Wednesday, 5 October 2016

Eliminating gender bias from algorithms

Machine learning is found everywherein our daily lives. Every time we talk to our smartphones, search for images or ask for hotels recommendations, we are interacting with machine learning algorithms. They take input as large amounts of data, like the whole text of an encyclopedia, or the complete archives of a newspaper, and interpret the information to extract patterns that might  be invisible to human analysts. But when these huge data sets include social bias, the machines learn that too.

A machine learning algorithm is like a newborn baby that has been given billion of books to read without being taught the alphabet or knowing any grammer or words. The effect of this type of information processing is impressive, but there is a problem. When it takes in the text data, a computer notices relationships between words based on various factors, including how many times they are used together.

We can test how exact the word relationships are identified by using analogy puzzles. Suppose I ask the machine to complete the analogy "He is to Man as She is to Y." If the machine comes back with "Woman," then we would say it is successful, because it returns the same answer a human would.
Our research group trained the system on Google News articles, and then asked it to complete another analogy: "Man is to Computer Programmer as Woman is to X." The answer came back: "Housewife."

Scrutinizing bias
We use same type of machine learning algorithm to generate what are called "word embeddings." Each English word is embedded, or allocate, to a point in space.
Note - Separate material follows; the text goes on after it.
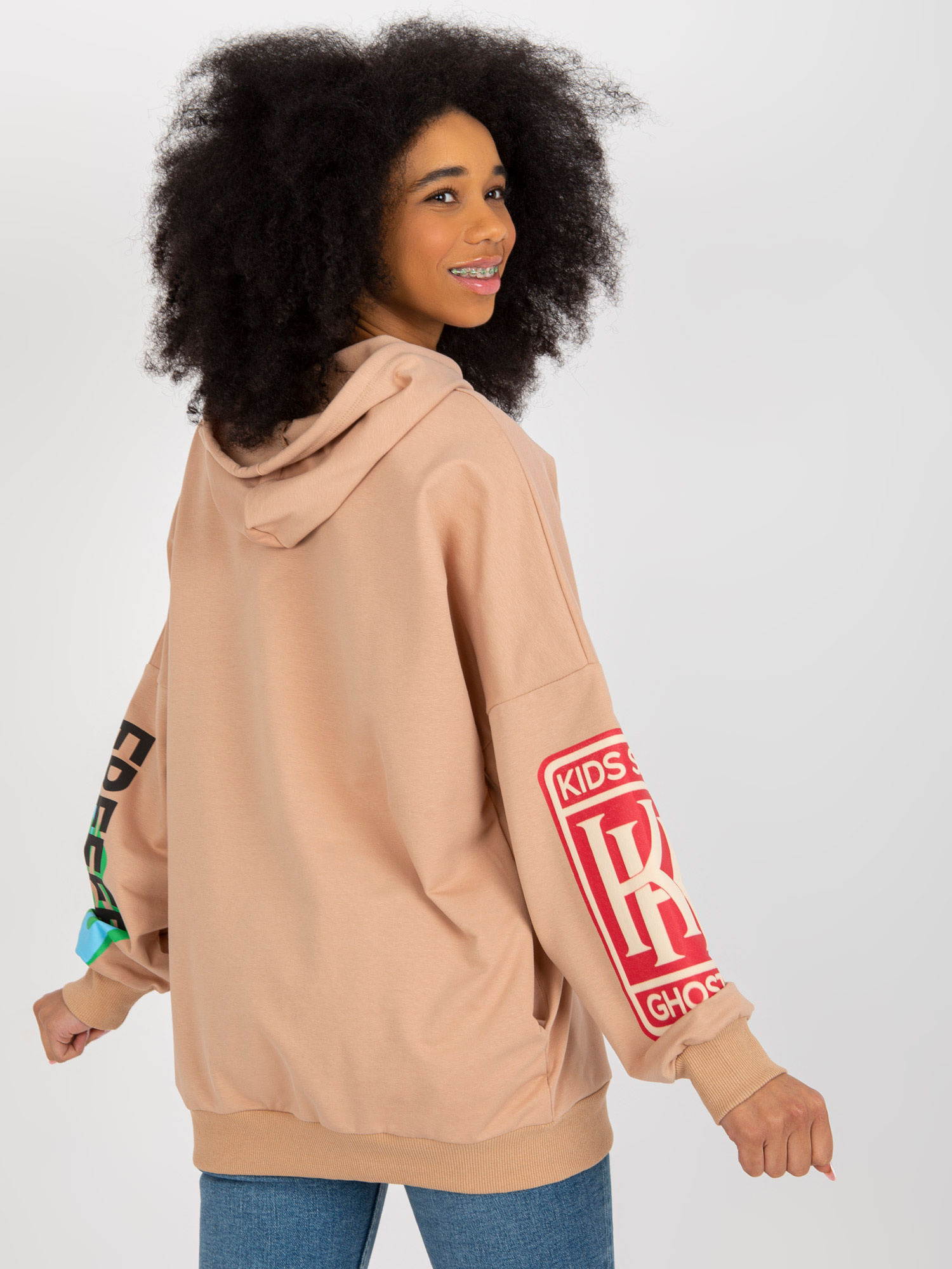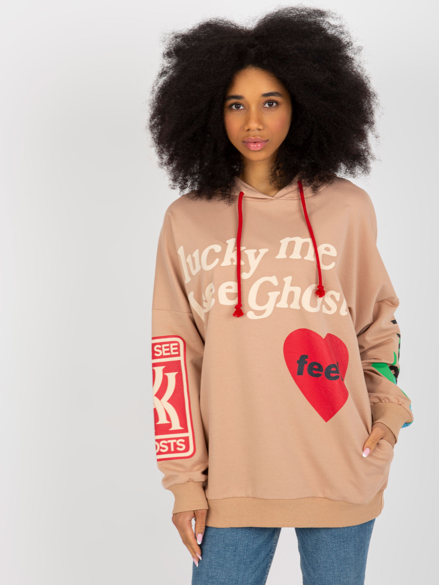 Camelowa dresowa bluza z nadrukiem i kapturem .

Words that are semantically related are allocate to points that are close together in space. This type of embedding makes it easy for computer programs to quickly and efficiently recognize word relationships.
Afterfinding our computer programmer/housewife result, we asked the system to automatically generate huge numbers of "He is to A as She is to B" analogies, completing both portions itself. It returned many sensable analogies, like "He is to Brother as She is to Sister."
 In analogy notation, which you may remember from your school days, we can write this as "he:brother::she:sister." But it also came back with answers that reflect clear gender formula, such as "he:Father::she:Mother" and "he:doctor::she:nurse."
The fact that the machine learning system started is similar to  a newborn baby is not just the strength that makes it to learn interesting patterns, but also the weakness that falls prey to these obvious gender stereotypes. The algorithm makes its decisions based on which words appear near each other frequently. If the source documents reflect gender bias – if they more often have the word "Father" near the word "he" than near "she," and the word "Mother" more commonly near "she" than "he" – then the algorithm learns those biases too.